March 9, 2026 | The Free Press

Trump Could End the War Tomorrow. I Don’t Think He Will.

March 9, 2026 | The Free Press

Trump Could End the War Tomorrow. I Don’t Think He Will.

Energy markets breathed a sigh of relief on Monday after President Donald Trump suggested he could declare victory over Iran at any time. “I think the war is very complete, pretty much,” he told CBS News. In a press conference later in the day he suggested several times that the war had achieved its basic objectives of rolling back Iran’s weapons programs and that it would be over “very soon.”

As I listened closely, however, I could hear Trump circling back to a rationale for staying in the fight long enough to ensure the United States doesn’t find itself back where we started in a few short years. Let me explain why I believe Trump is more likely than not to listen to his instinct to “finish the job,” as family members of recently fallen U.S. service personnel beseeched him this weekend, even if it means weeks (not days) of war still lay ahead.

In the four years I worked for him during his first term, I learned that Trump sees the threat posed by the Iranian regime—to U.S. national security, regional stability, and even to Trump personally—as being categorically different from that posed by other U.S. adversaries. “Look, they’re just evil,” was how he put it last Tuesday while hosting German chancellor Friedrich Merz. “It’s not the politics; it’s their whole philosophy.”

The only other nation Trump regarded in remotely similar terms was North Korea. But then he tested his assessment of the threat by meeting North Korean dictator Kim Jong-un in person three times in 2018 and 2019. I accompanied Trump for the first two encounters and believe he came away with a sense that Kim could be deterred. Trump, with good reason, concluded long ago that the Iranian regime cannot.

Trump gave Tehran plenty of opportunities to prove this instinct wrong. This administration has made good-faith efforts to reach a nuclear deal with the Islamic Republic. During his first term, Trump signaled his willingness to meet with Iranian leaders directly. French president Emmanuel Macron tried to broker an encounter and the U.S. president came within moments of getting on a phone call with then–Iranian president Hassan Rouhani in late 2019. But Rouhani—who, in any case, had nothing close to the authority of now-deceased Supreme Leader Ali Khamenei—chickened out.

Weeks later, Iranian proxy forces in Iraq killed a U.S. defense contractor, an act that Trump answered with air strikes on those same proxies. Tehran saw this as an opportunity to try to drive the United States out of the Middle East for good; Washington soon learned that the IRGC Quds Force leader, Major General Qasem Soleimani, was planning to attack U.S. outposts throughout the Middle East. Trump made the decision to strike Soleimani first.

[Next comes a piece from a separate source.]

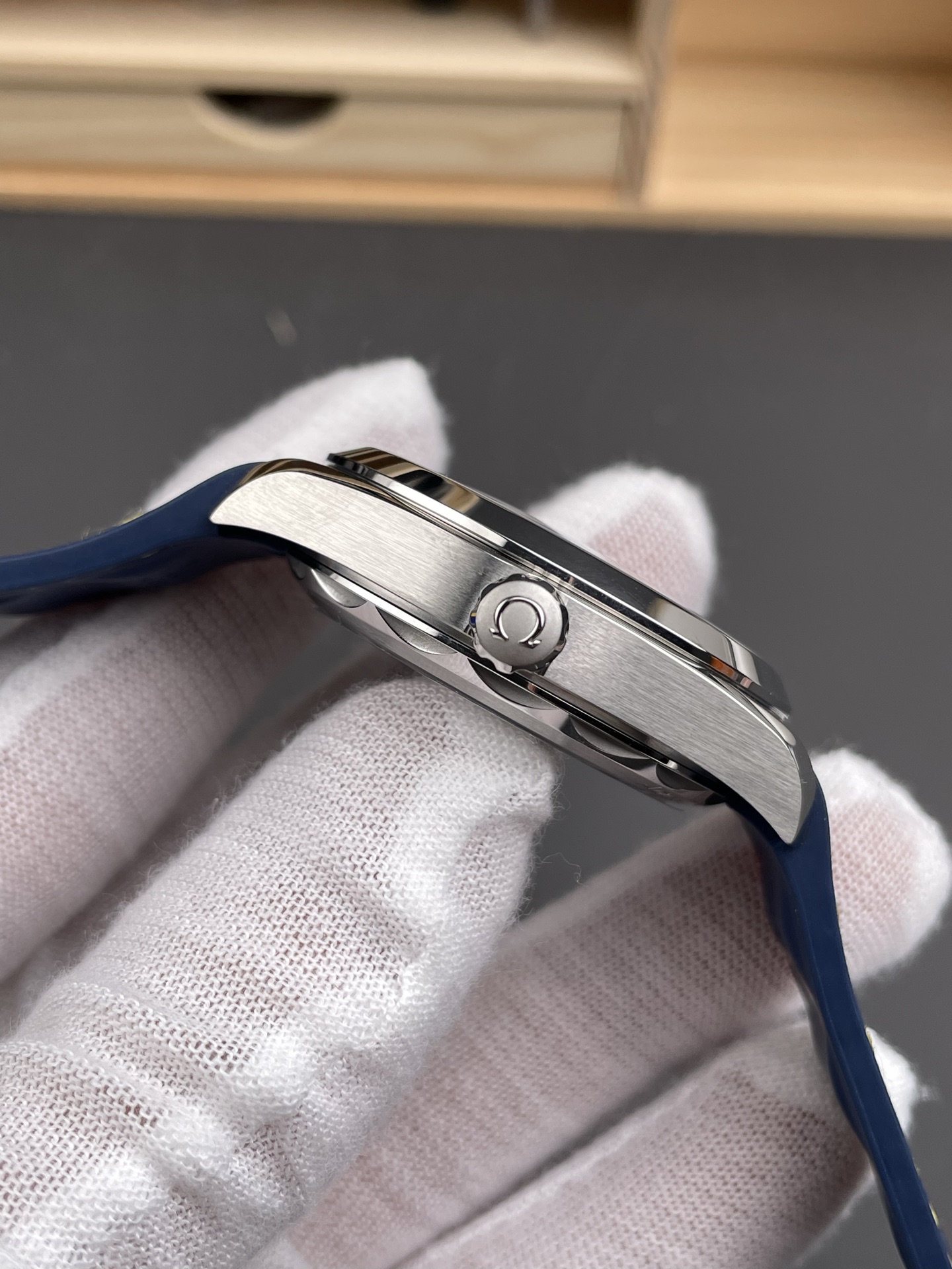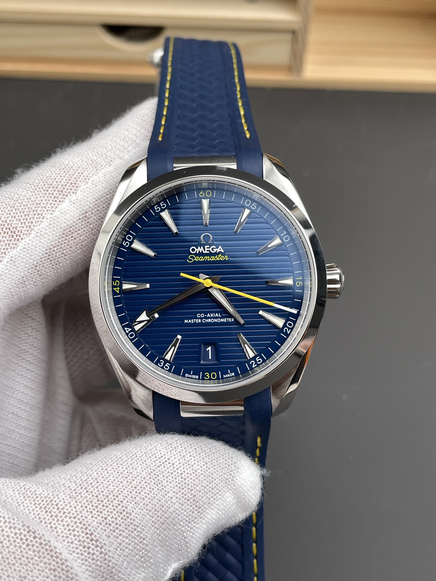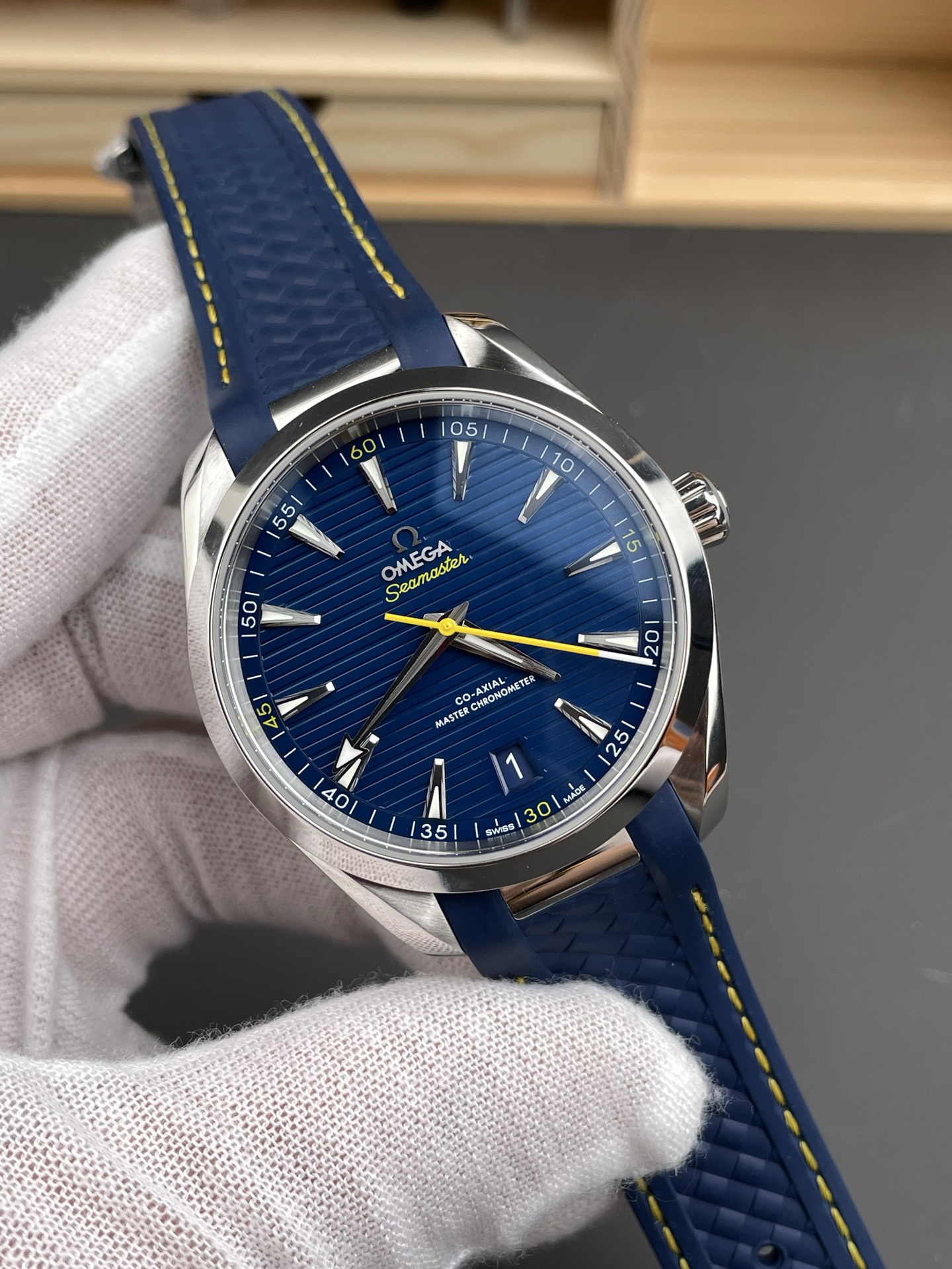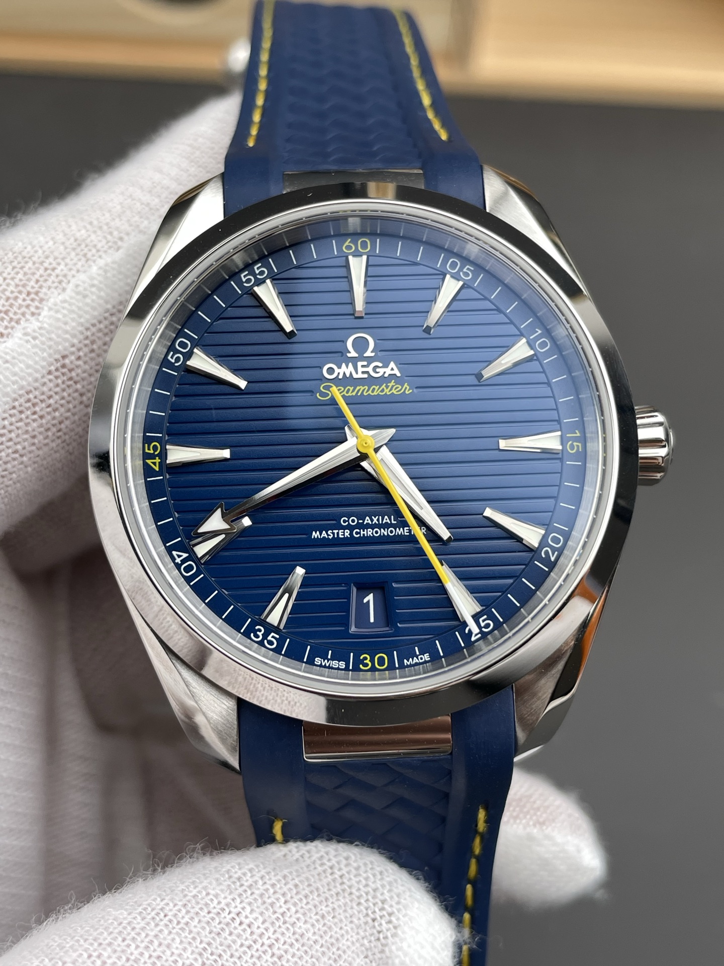 オメガ シーマスター アクアテラ 150M (リファレンス 220.12.41.21.03.001) は、スポーティなエレガンスの傑作であり、クラシックな海洋ドレスウォッチのDNAに鮮やかな色彩のバーストを完璧に注入しています。オメガ スーパークローンの誰もが認めるマスターである伝説的なVSファクトリー(VSF)によって完璧に実行されたこの1:1レプリカは、本物の印象的でハイコントラストな美学と洗練された建築デザインを捉えています。美しく輪郭を描かれた41mmのステンレススチールケースに収められ、モダンな水平の「チーク」デッキラインによって定義される輝くサンバースト ディープブルー文字盤を備えています。このリファレンスの絶対的な際立った特徴は、色の大胆な使用です。ブルーのラバーストラップにあるイエローの文字盤のテキストと対照的なイエローのステッチに完全に一致する、鮮やかなイエローのスイープ秒針です。業界をリードする丹東DD8900 1:1コーアクシャルクローンムーブメントを搭載し、完璧な信頼性、本物の「ジャンピング」アワー針機能、驚くべき装飾の精度を提供します。

It was one of the decisions by Trump that impressed me most. He wasn’t facing pressure from his team to do it. In fact, some of his closest advisers issued sober warnings of what could go wrong. The president heard these views out and then he made his decision, with a sense of gravity and conviction. (When I first heard about the president’s decision, I thought it was a recipe for disaster. I soon came to believe it was a masterstroke.)

Soleimani was killed soon after, on January 3, 2020. Since that day, the Iranian regime has tried repeatedly to assassinate Trump (along with others who worked for him).

Trump knows that newly named Supreme Leader Mojtaba Khamenei—son of the same leader who tried to kill Trump and who Israeli forces killed 10 days ago—won’t be the kind of guy to let bygones be bygones.

“I’m not going through this to end up with another Khamenei,” Trump said in an interview last week. In his press conference tonight, he said he was “disappointed” the regime had selected Mojtaba “because we think it’s going to lead to just more of the same problem for the country.”

Therein lies the dilemma Trump seemed to be contending with in his public statements on Monday: He can wage a short, indecisive war—one in which both Trump and the Iranians claim victory (regime survival is all it will take for the regime to make such a claim). Or he can wage a longer war that has a higher chance of preventing the regime from repeating its congenital cycle of bad-faith negotiations, pursuit of nuclear weapons, and proxy warfare all over again.

That is why I suspect Trump was speaking from his gut when he said tonight: “I want a system that’s not going to be attacking us. We want a system that can lead to many years of peace. And if we can’t have that, we might as well get it over with right now.”

Matt Pottinger was deputy national security advisor from 2019 to 2021. He chairs the China program at the Foundation for Defense of Democracies and is CEO of research and advisory firm Garnaut Global LLC.